Damion Romero Negative

[Pacrec; 2006]

Rating: 3/5

Styles: drone, harsh ambient
Others: Growing, Sunn O))), Skullflower

When I listen to LA-based feedback-sculptor Damion Romero’s latest slab, I can’t figure out whether I’m hearing tones blossom or decay. There’s a warm analog undercurrent running through Negative’s half-hour sheets-of-sound onslaught: the scathing amp blasts assume a mesmeric, tamboura-like quality, clean Frippertronic beds hum steadily, and crackling sounds (a fireplace? a beat-up LP?) frame everything. Played loud enough, Negative will melt your brain into a Gerber-y mush, but at a reasonable volume, it’s an engaging, layered work.

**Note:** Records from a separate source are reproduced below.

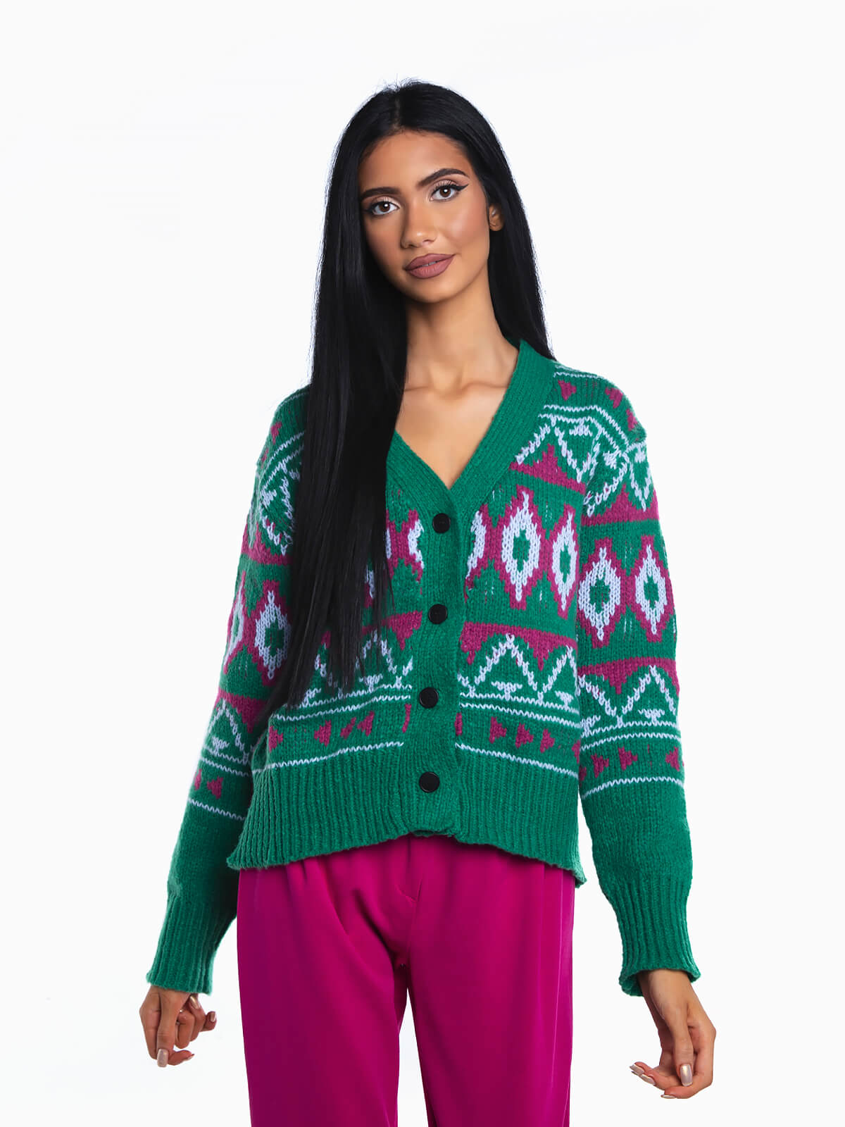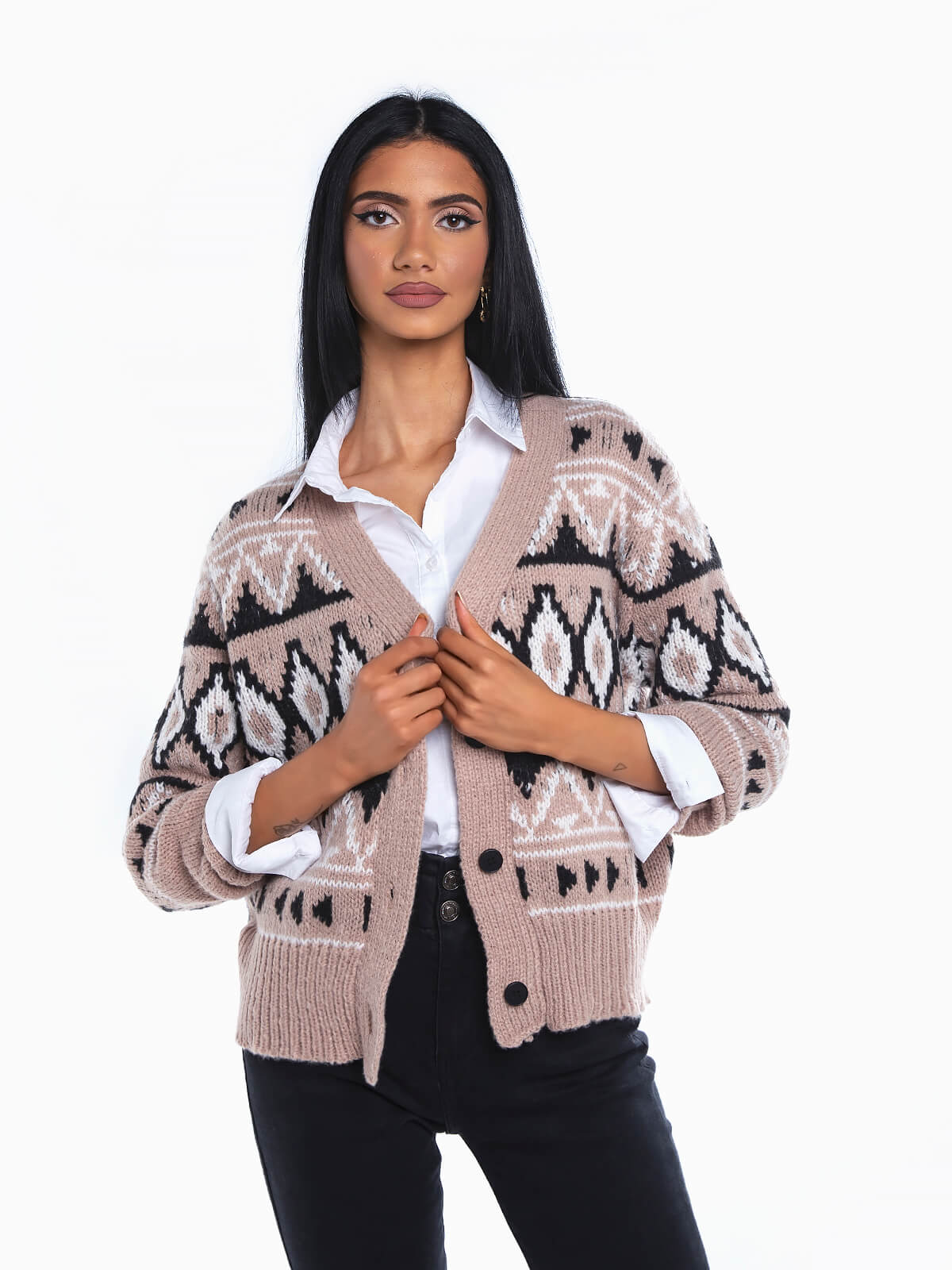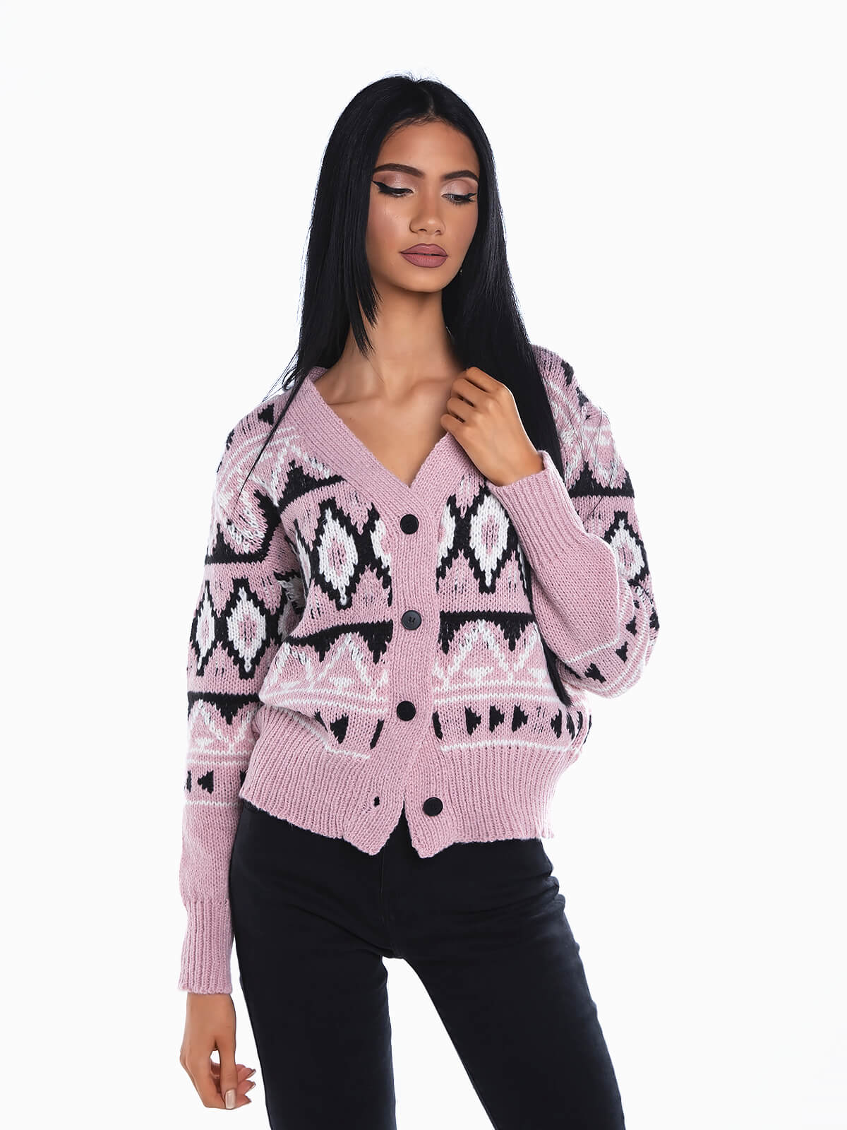 Casaco de malha com estampado étnico. Cardigan manga comprida com ombros descaídos. Decote em V. Acabamentos canelados. Aperto de botões.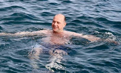 Çalışma incelemesi sırasında soğuk havaya aldırış etmeden kısa yüzme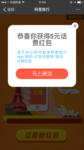 阿里旅行已经搞过很多活动,都是一些旅游、酒店类的抵扣红包,对我这样万年宅在家的屌丝,也没什么卵用。这次为了造福我这样的苦命孩子,特地赠送5元话费券,满10即可使用这个券,也就是花5元即可充值10元话费!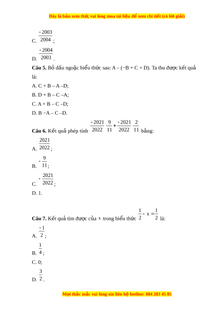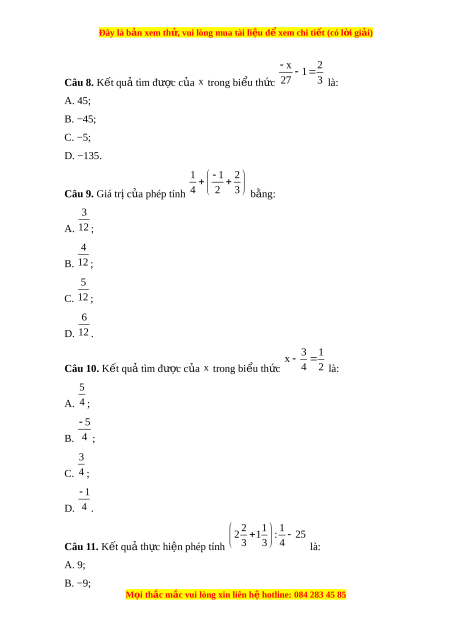 Đây là bản xem th , vu ử i lòng mua tài li u ệ đ xe ể m chi ti t ế (có l i ờ gi i ả ) x 2 1 Câu 8. K t ế qu t ả ìm đư c ợ c a ủ x trong bi u t ể h c ứ 27 3 là: A. 45; B. −45; C. −5; D. −135. 1 1 2 Câu 9. Giá tr c ị a ủ phép tính 4 2 3 b ng: ằ 3 A. 12 ; 4 B. 12 ; 5 C. 12 ; 6 D. 12 . 3 1 x Câu 10. K t ế qu t ả ìm đư c ợ c a ủ x trong bi u t ể h c ứ 4 2 là: 5 A. 4 ; 5 B. 4 ; 3 C. 4 ; 1 D. 4 . 2 1 1 2 1 : 25 Câu 11. K t ế qu t ả h c ự hi n phép ệ tính 3 3 4 là: A. 9; B. −9; M i ọ thắc m c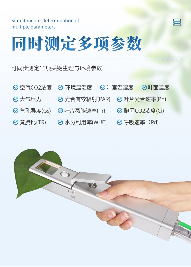 光合仪采用非扩散式红外二氧化碳分析技术,结合多传感器集成设计,可同步监测15项关键参数。这些参数包括空气二氧化碳浓度、环境温湿度、叶室温湿度、叶面温度、大气压力、光合有效辐射(PAR)、光合速率(Pn)、气孔导度(Gs)、蒸腾速率(Tr)、胞间二氧化碳浓度(Ci)、水分利用率(WUE)、呼吸速率(Rd)及蒸腾比(TR)。每一参数的测量均基于高精度传感器,例如二氧化碳浓度测量范围覆盖0-3000 μmol/mol,分辨率达0.0005,误差控制在≤3%FS;温度测量误差不超过±0.2℃,湿度误差≤±1%RH。这种多参数同步采集的能力,使得研究人员能够全面分析植物在不同环境条件下的生理响应。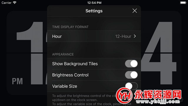 2、应用程序内部的亮度控制,显示/隐藏背景图块;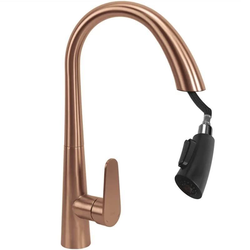 Меден матиран смесител за кухня REA ROSS BRUSHED COPPER с изтеглящ се 2-функционален чучур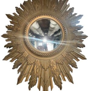 THB13786 wall mirror gilt wooden sunburst with circular domed mirror to centre

You’ve got to grant Romero the right to establish stasis as a valid aesthetic goal if you’re going to enjoy this disc, though. Negative doesn’t really “go” anywhere, even as its tones refract and modulate. And the packaging doesn’t tell us why the music is so static – there’s no written mission statement, and the cover – a mangled car falling to the ground – is quite dynamic. So many of us will be quick to chide Romero for producing art that lacks a direction and a purpose. Don’t be so quick to do that: instead admire just how fully Romero has disentangled his music from conceptualism. With no intelligible formal conceits buttressing it and no high-minded theories stated plainly, Negative can only be grasped through listening. It doesn’t conform to a set of conventions, and it doesn’t level a philosophical argument that can be restated in prose. It is instead of-the-moment, visceral, almost entirely beyond language. And if you’re the type who bemoans what the internet has done to music – the way MP3s have supplanted CDs, the fact that one can gain access to any musical subculture imaginable without undergoing said subculture’s on-site initiation rites, the idea that MySpace is allowing more artists to sign contracts on the strength of their recordings rather than their reputations as live acts – then you should appreciate Romero’s suggestion that being-there-is-the-only-mode-of-being. And if you’re not that type, then just mark this album down as another of noise rock’s rockist fouls.